Even last Saturday, after his team had beaten Michigan 27-23, and after a quarterback who has still not won the Irish starting job had passed for 208 yards and run for 66 more and two touchdowns, somebody asked Holtz about "distractions." Poor guy. Holtz stared straight ahead and said, "I have not...."
However, if the Irish play many games like Saturday's, the publishing industry will return to its traditional job of raiding Notre Dame for inspirational material, and Holtz can give heartfelt reviews. This game will certainly be a central chapter.
Notre Dame was a decided underdog against the Wolverines, but not because of distractions. The Irish didn't have a satisfactory offensive line, end to end, and quarterback Kevin McDougal had received more fame as a teenage motocross racer than as a passer. McDougal wasn't exactly a brand name when he was recruited along with B.J. Hawkins and Clint Johnson to sit behind Mirer for three seasons. Holtz was apparently so unfamiliar with McDougal that he once identified him by consolidating all his quarterbacks' names. He called him Clint McHawkins.

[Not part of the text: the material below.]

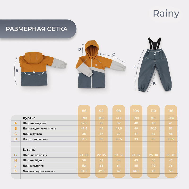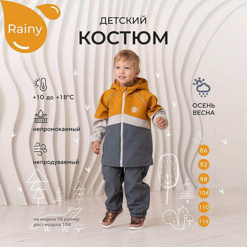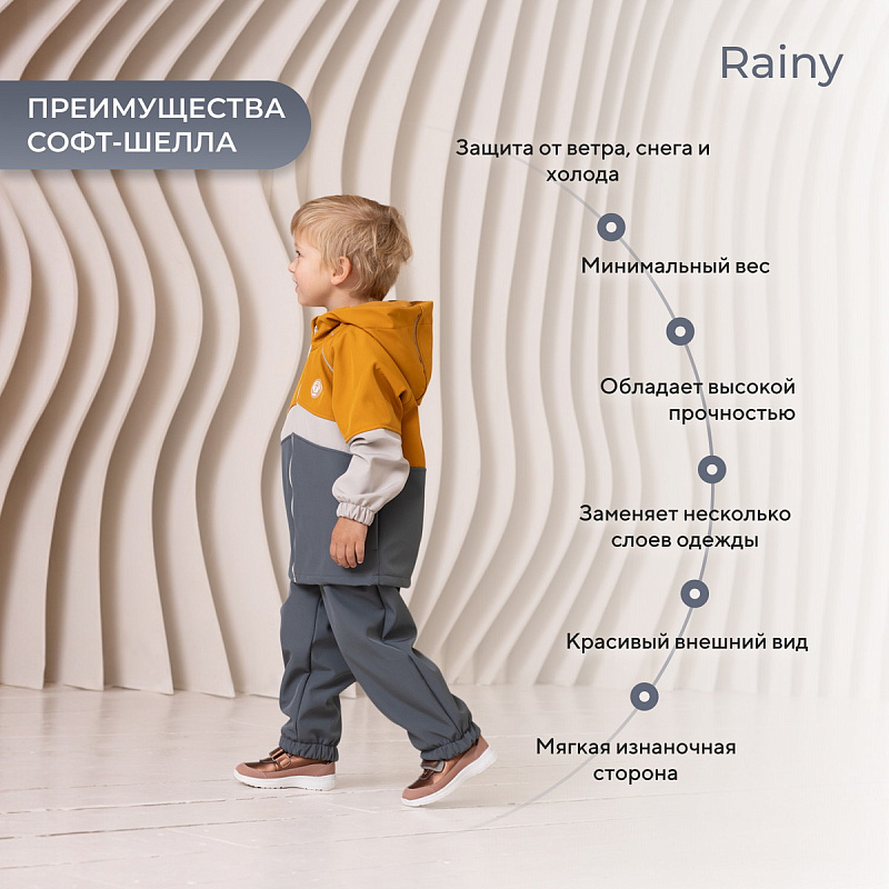 Какое детство без прогулок по лужам? Детский демисезонный костюм RANT RAINY подарит малышу невероятное ощущение уюта и тепла. Модель покорит вас: инновационным влагоотталкивающим и ветронепроницаемым материалом софтшелл, тщательно продуманными деталями кроя, лаконичным исполнением, комфортным лекалом.

Even in this, his senior year, McDougal was scheduled for backup duties. Freshman Ron Powlus so bedazzled Notre Dame coaches in preseason practice that he was almost sure to start, until he was lost for up to three months with a cracked collarbone in the team's final scrimmage. After Powlus's injury, McDougal was still only tabbed to share time with junior Paul Failla. "It gets frustrating at times," McDougal said last week.
He had been less than spectacular against Northwestern, which the Irish beat 27-12. And Holtz's enthusiasm for the passing game was revealed when he permitted McDougal and Failla to team up for 11 passes against the Wildcats. When asked about his offense, Holtz said, "Yeah, it looks scary right now." You had the feeling that Holtz wanted to watch McDougal the same way McDougal's mother does. "She comes to games," McDougal says, "but closes her eyes."
If Holtz wasn't reading Tarnished Dome, he apparently was reading other discouraging material. News of Michigan's new Fab Five, a collection of speedy receivers who were going to make quarterback Todd Collins famous, was positively dispiriting. Holtz did not regard Collins, by the way, as a desperate replacement for Elvis Grbac. Collins may have been an upgrade. And Tyrone Wheatley? With 117 yards rushing in Michigan's opening win over Washington State, he topped 2,000 for his career, and he's only a junior. "That's a big-play football team," Holtz said of the Wolverines.
His own team might eventually have as good a running game as the Irish had three years ago, he said. But Michigan.... "We may not be good enough to beat Michigan. Maybe nobody is."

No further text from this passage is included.